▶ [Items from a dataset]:
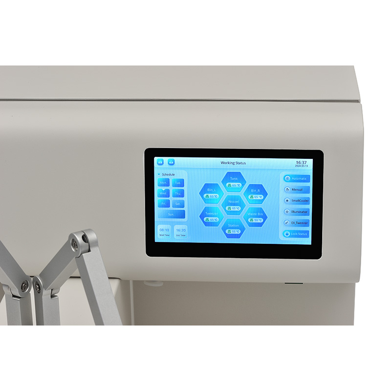 ◇ 大容量制冷工作臺:支持?jǐn)[放10排x7個不銹鋼包埋底模或約140個包埋盒
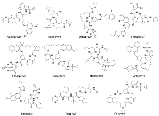 The importance and potential efficacy of non-structural NS3/4A protease inhibitors of HCV against SARS-CoV-2 have garnered significant attention in the scientific community. It has been suggested that these inhibitors are effective against SARS-CoV-2 [169]. Among the promising candidates are α-ketoamide-containing covalent inhibitors, which are particularly effective at binding to cysteine proteases like Mpro [63]. The presence of two adjacent C=O groups creates a powerful electrophile, enhancing their inhibitory action. Boceprevir was one of the first HCV antiviral agents to demonstrate inhibitory activity against both Mpro and coronaviruses [170,171,172]. Given the structural similarities between the HCV NS3/4A protease and SARS-CoV-2 Mpro, several studies suggest that a range of NS3/4A inhibitors could be effective against the SARS-CoV-2 main protease [154]. The HCV NS3/4A protease inhibitors that have been considered include FDA-approved drugs such as boceprevir, telaprevir, ritonavir, asunaprevir, paritaprevir, grazoprevir, and glecaprevir (Table 4 and Figure 8) [173].
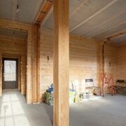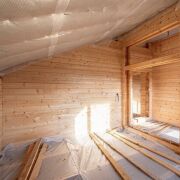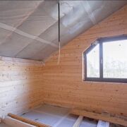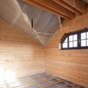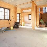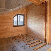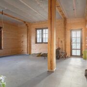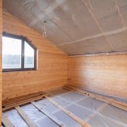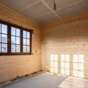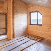 Стены дома обшиты деревом, а на полу - бетонная стяжка, покрытие пола вы можете выбрать на свой вкус.
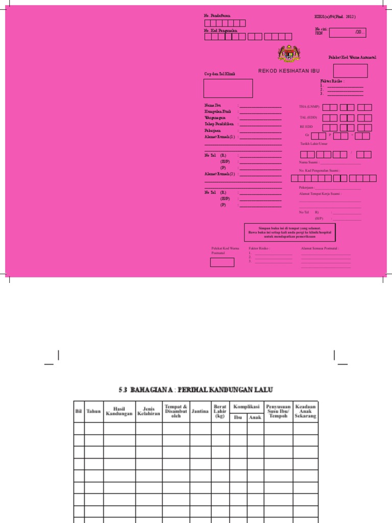 Buku Rekod Kesihatan Ibu Mengandung In English
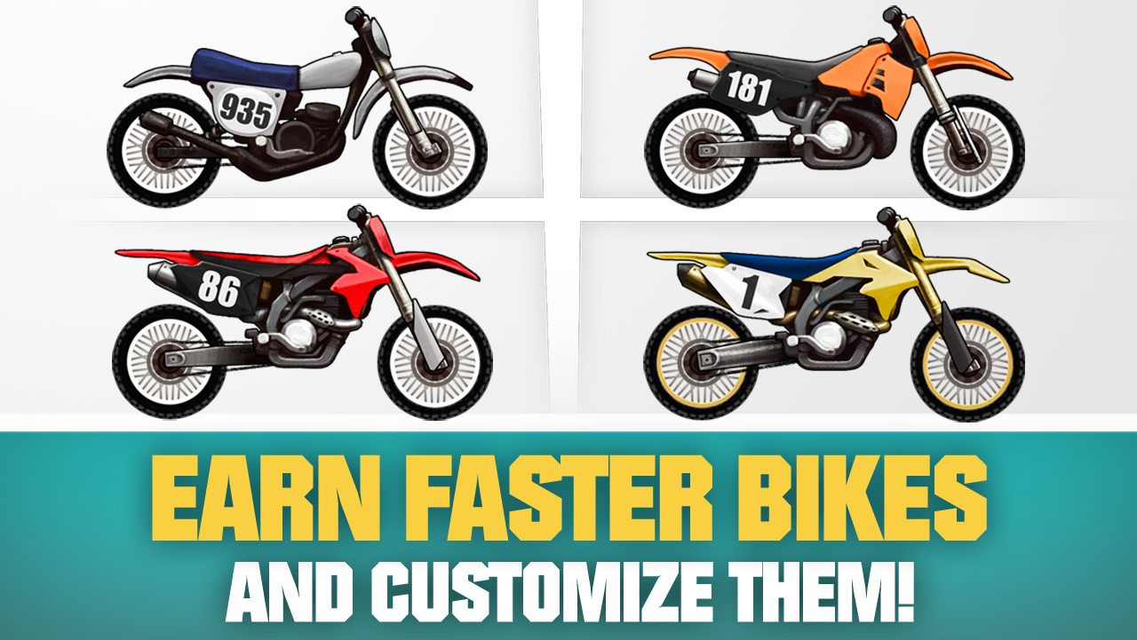 疯狂摩托车技2支持最爽快的摩托驾驶挑战,在游戏里面画质是非常的清晰,在游戏里玩家将驾驶摩托车来进行比赛,并且使用更多的技能来超越你的对手们,非常多的魔头车等你用户进行开启驾驶,在游戏中你可以体验最刺激的摩托驾驶,你会在越野赛道进行挑战,整体的玩法过程感觉十分的爽快,给人感觉相当的刺激。
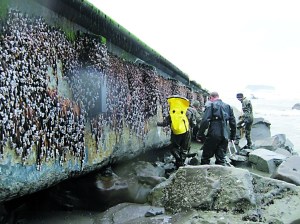 OLYMPIC NATIONAL PARK — Researchers took samples of marine life from a 64-foot concrete dock that swept ashore…

▶ [Goal of the exercise]:
Word for word, output the lines from the line bearing "疯狂摩托车技2支持最爽快的摩" through the end of the records above, and only those, without the pictures.

▶ [Answer space]:
 疯狂摩托车技2支持最爽快的摩托驾驶挑战,在游戏里面画质是非常的清晰,在游戏里玩家将驾驶摩托车来进行比赛,并且使用更多的技能来超越你的对手们,非常多的魔头车等你用户进行开启驾驶,在游戏中你可以体验最刺激的摩托驾驶,你会在越野赛道进行挑战,整体的玩法过程感觉十分的爽快,给人感觉相当的刺激。
 OLYMPIC NATIONAL PARK — Researchers took samples of marine life from a 64-foot concrete dock that swept ashore…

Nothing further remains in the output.